Task prompt: Write again exactly the lines in the listing below, starting at the line with "CARCASSONNE TEKA 45X45 B16" and ending at the line with "PERSPECTIVE OF BUILDING 59 LOOKING EAST", both included. Pictures are not copied.

Dataset entries:

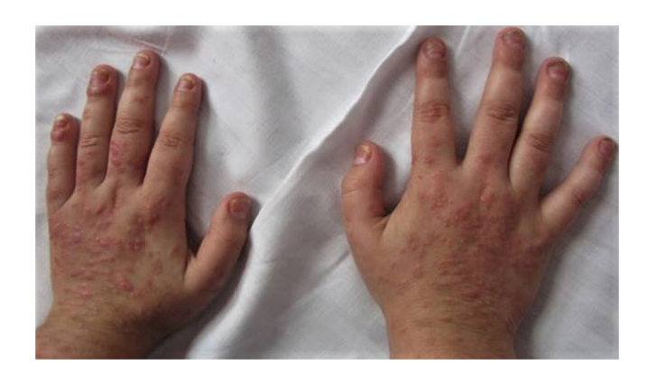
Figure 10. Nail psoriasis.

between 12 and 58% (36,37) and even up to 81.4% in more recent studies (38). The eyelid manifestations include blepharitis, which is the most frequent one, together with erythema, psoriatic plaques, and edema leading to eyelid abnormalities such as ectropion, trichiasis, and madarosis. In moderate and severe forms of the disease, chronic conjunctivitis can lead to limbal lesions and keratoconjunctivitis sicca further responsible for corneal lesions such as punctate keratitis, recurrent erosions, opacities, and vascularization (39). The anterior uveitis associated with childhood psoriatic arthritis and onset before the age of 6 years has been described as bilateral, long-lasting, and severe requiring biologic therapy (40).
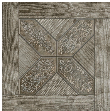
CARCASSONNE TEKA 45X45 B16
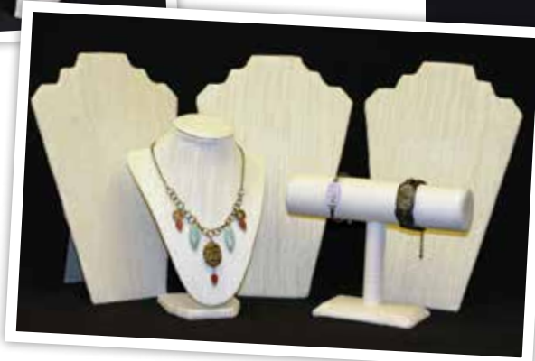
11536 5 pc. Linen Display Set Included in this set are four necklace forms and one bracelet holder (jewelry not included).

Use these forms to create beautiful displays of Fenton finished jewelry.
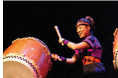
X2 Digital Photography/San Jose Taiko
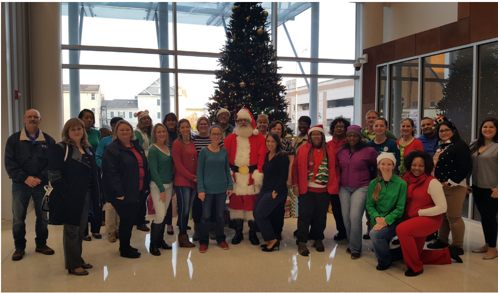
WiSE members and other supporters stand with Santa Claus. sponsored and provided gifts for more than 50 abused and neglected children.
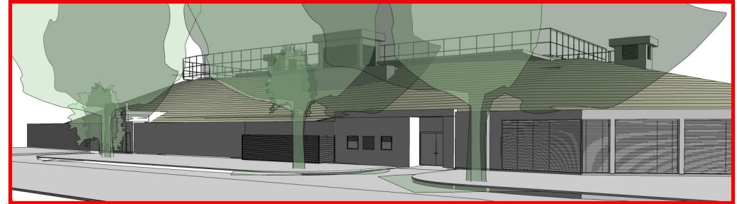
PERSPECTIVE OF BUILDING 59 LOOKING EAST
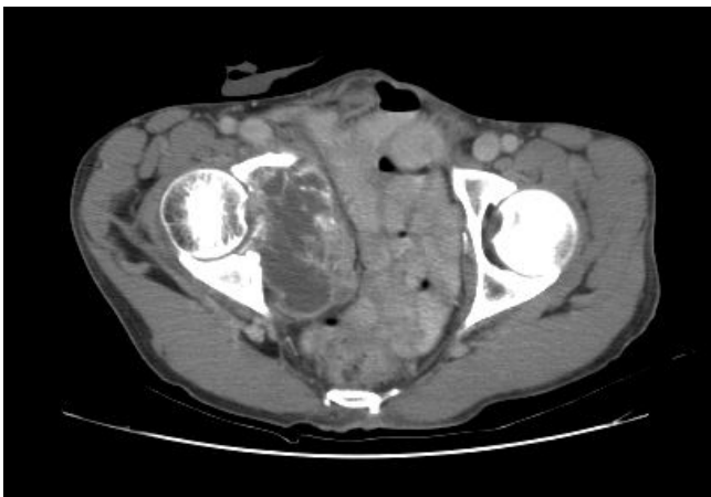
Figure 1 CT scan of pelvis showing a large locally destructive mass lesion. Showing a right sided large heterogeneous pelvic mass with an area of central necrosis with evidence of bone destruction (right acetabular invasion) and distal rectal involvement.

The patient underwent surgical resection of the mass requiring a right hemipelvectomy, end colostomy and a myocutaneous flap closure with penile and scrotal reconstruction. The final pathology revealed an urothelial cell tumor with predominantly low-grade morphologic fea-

Task response:
CARCASSONNE TEKA 45X45 B16
11536 5 pc. Linen Display Set Included in this set are four necklace forms and one bracelet holder (jewelry not included).

Use these forms to create beautiful displays of Fenton finished jewelry.
X2 Digital Photography/San Jose Taiko
WiSE members and other supporters stand with Santa Claus. sponsored and provided gifts for more than 50 abused and neglected children.
PERSPECTIVE OF BUILDING 59 LOOKING EAST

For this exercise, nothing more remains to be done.